Mean ± SD, n = 10 * p < 0.05 vs. Control; # p < 0.05 vs. 0.5 ng/ml; † p < 0.05 vs. 5 ng/ml; APA, amplitude of action potential; APD50, action potential duration at 50% repolarization; APD90, action potential duration at 90% repolarization; DEX, dexmedetomidine; RPF, rate of pacemaker firing; Vmax, maximal rate of depolarization; VDD, velocity of diastolic (phase 4) depolarization.
Effects of yohimbine on DEX-induced changes in action potential
Yohimbine (1 μM) had no significant effect on action potential (n = 10, p > 0.05). The Tyrode’s solution contained yohimbine and DEX (5 ng/ml) decreased the VDD, APA and RPF from 50.3 ± 4.5 mV/s, 56.1 ± 5.9 mV and 145.9 ± 8.1 bpm/min to 36.5 ± 7.1 mV/s, 46.3 ± 4.5 mV and 133.7 ± 9.0 bpm/min (n = 10, p < 0.05), respectively. Pretreatment with yohimbine (1 μM) did not affect the effects of DEX (5 ng/ml) on SAN pacemaker cells (Table 2).
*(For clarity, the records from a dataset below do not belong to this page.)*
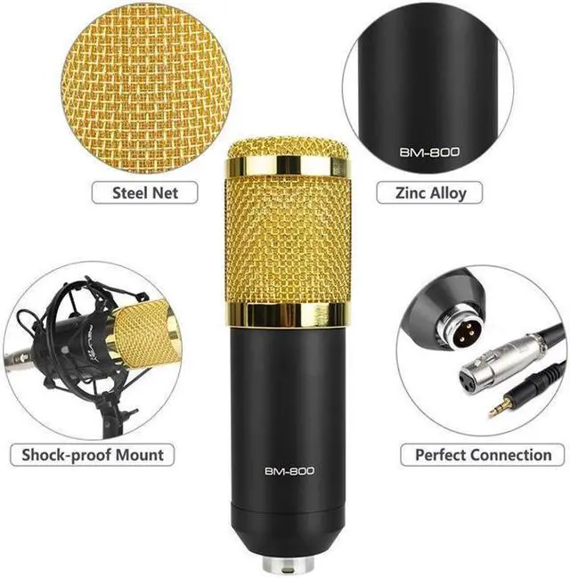 Stability - The BM-800 shock mount's spider suspension isolates your studio microphone from handling and floor noise by decoupling it from the rest of your room. This results in clearer recordings with less unwanted low-frequency artifacts. The BM-800 shockmount accommodates microphones from 55mm to 60mm in diameter. It screws into any standard mic stand
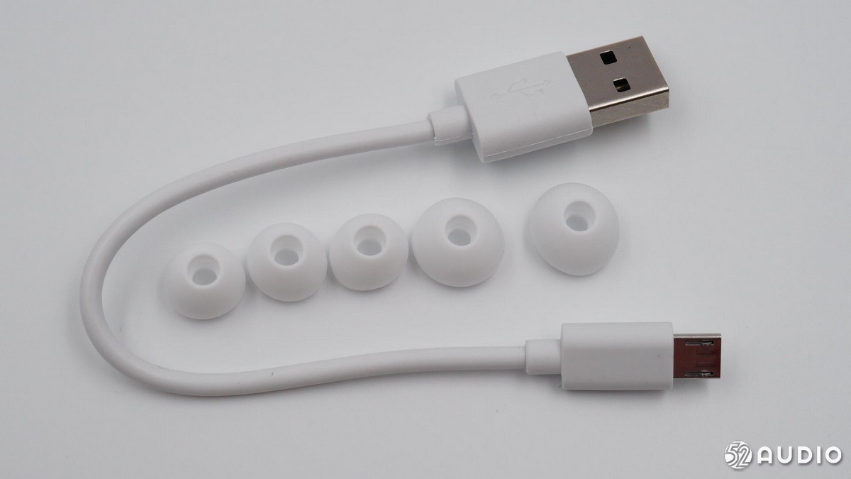 充電線為USB-A to Micro-USB 接口,附贈(zèng)了兩對(duì)不同尺寸的硅膠耳塞(多給了一個(gè))。
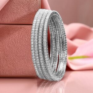 Set of 2 Rhodium-Plated White Cubic Zirconia Studded Classic Premium Bangles for Women – 02-Aug
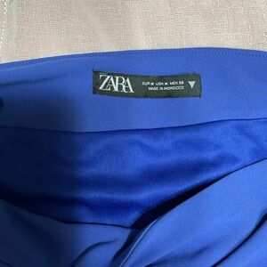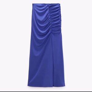 Elevate your style with the Zara Women's Blue Sequin Side Slit Midi Skirt. Perfect for any occasion, this skirt features a stunning blue hue and a chic side slit design.
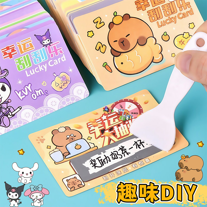 卡皮巴拉幸运刮刮卡刮刮乐小学生奖励抽奖卡可手写diy自制涂层贴
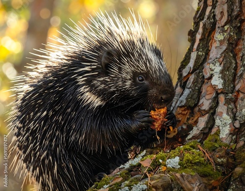 porcupine, rodent, animal, wildlife, nature, mammal, herbivore, forest, tree, bark, eating, feeding, quill, spine, defense, protection, outdoors, autumn, fall, daylight, sunlight, closeup, portrait, wild, fauna, north america, timberland, moss, lichen, tree branch, arboreal, texture, pattern, natural, environment, conservation, ecology, cute, furry, adorable, eye, curious, focused, sharp, wild animal, animal portrait, prickly, quilled
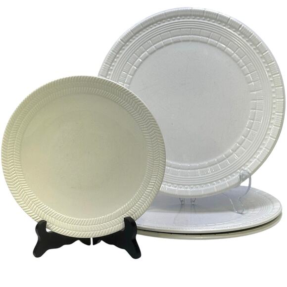 These plates are all crafted from durable stoneware and are in good condition with some signs of wear consistent with age-see photos to determine/verify details and condition prior to purchasing. The subtle embossed design adds a casual touch of sophistication to any table setting. Great replacement pieces for your Chantilly White dinnerware collection. # 5627
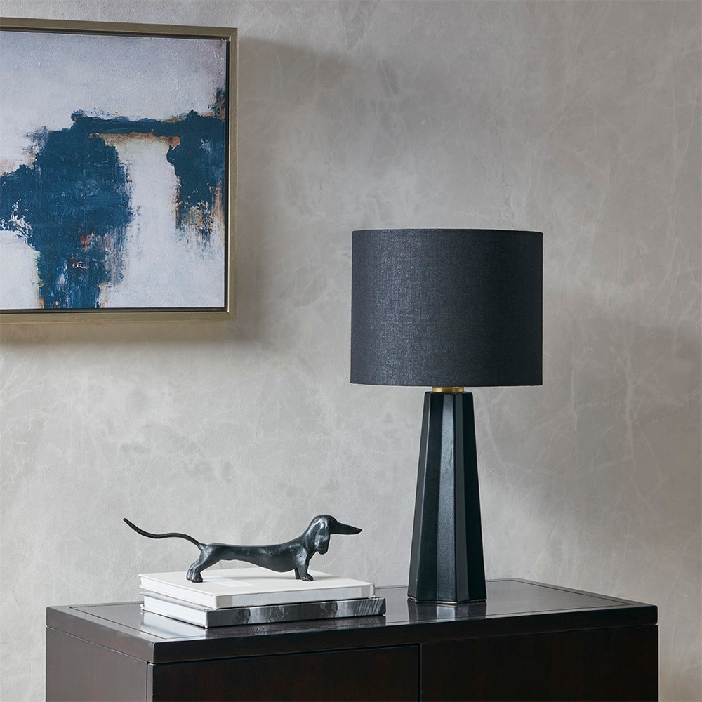 | Martha Stewart See below 1 Table Lamp: 11.5"Dia x 22"H Body Size: 5"Dia x 16.785"H Shade Size: 11.5"Dia x 9"H Socket Size: 1.5"Dia x 2.5"H Cord Length: 60" 70% Ceramic, 15% Metal, 15% Fabric Base: Ceramic Shade Fabric: 65% polyester, 35% cotton Base Finish: Matte black Modern/Contemporary Style Includes 1 Piece(s) Spot clean only, handle with care Bring a bold, modern touch to your home with the Martha Stewart Athena Geometric Ceramic Table Lamp. This ceramic table lamp features modern fluted design in a matte black finish with a black shade to create a sophisticated contemporary look. The drum shade is made from linen and is not adjustable. Flaunting a simple and clean design, this black table lamp uses a rotary on/off switch and adds a striking accent to your bedroom or living room. One Type A light bulb is needed and included. Spot clean only. Comes with a 2-year warranty. |
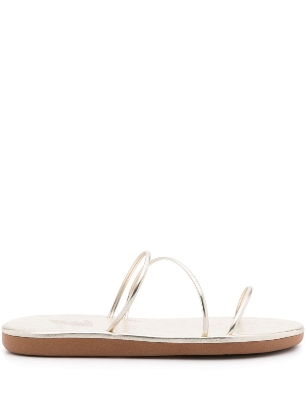 Polytimi leather sandals Highlights - Gold-tone - Calf leather - Smooth grain - Multi-way strap design - Slip-on style - Round open toe - Branded leather insole - Flat rubber sole Imported Composition Leather 100% SIZE & FIT Measurement HEEL 0.7 in(1.8 cm) Sole height 0.62 in(1.6 cm)
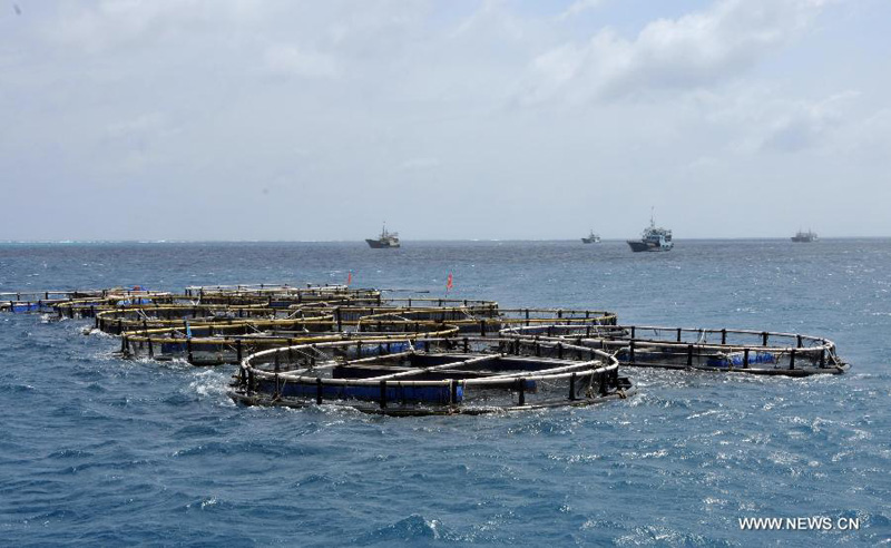 A fish farm is seen in the waters at Meiji Reef of South China Sea on July 22, 2012. There are nearly a score of fishermen working at the farm regularly. (Xinhua/Wang Cunfu)

Table 2. Effects of yohimbine (1 μM) on DEX-induced (5 ng/ml) changes in action potential .
| Group | VDD (mV/s) | Vmax (v/s) | APD50 (ms) | APD90 (ms) | APA (mV) | RPF (beats/min) |
| Control | 50.9 ± 5.3 | 5.1 ± 1.0 | 127.8 ± 5.8 | 183.0 ± 9.1 | 55.8 ± 7.5 | 146.5 ± 8.1 |
| Yohimbine | 50.3 ± 4.5 | 5.3 ± 0.8 | 128.2 ± 4.3 | 184.4 ± 13.3 | 56.1 ± 5.9 | 145.9 ± 8.1 |
| Yohimbine+DEX | 36.5 ± 7.1*# | 4.8 ± 0.8 | 132.7 ± 12.0 | 188.2 ± 4.7 | 46.3 ± 4.5*# | 133.7 ± 9.0*# |
After superfusion for 20 min with the Tyrode’s solution containing yohimbine (1 μM), an alpha 2-adrenoreceptor antagonist, the preparation was perfused with Tyrode’s solution containing yohimbine (1 μM) and DEX (5 ng/ml) for another 20 min. Action potential was recorded.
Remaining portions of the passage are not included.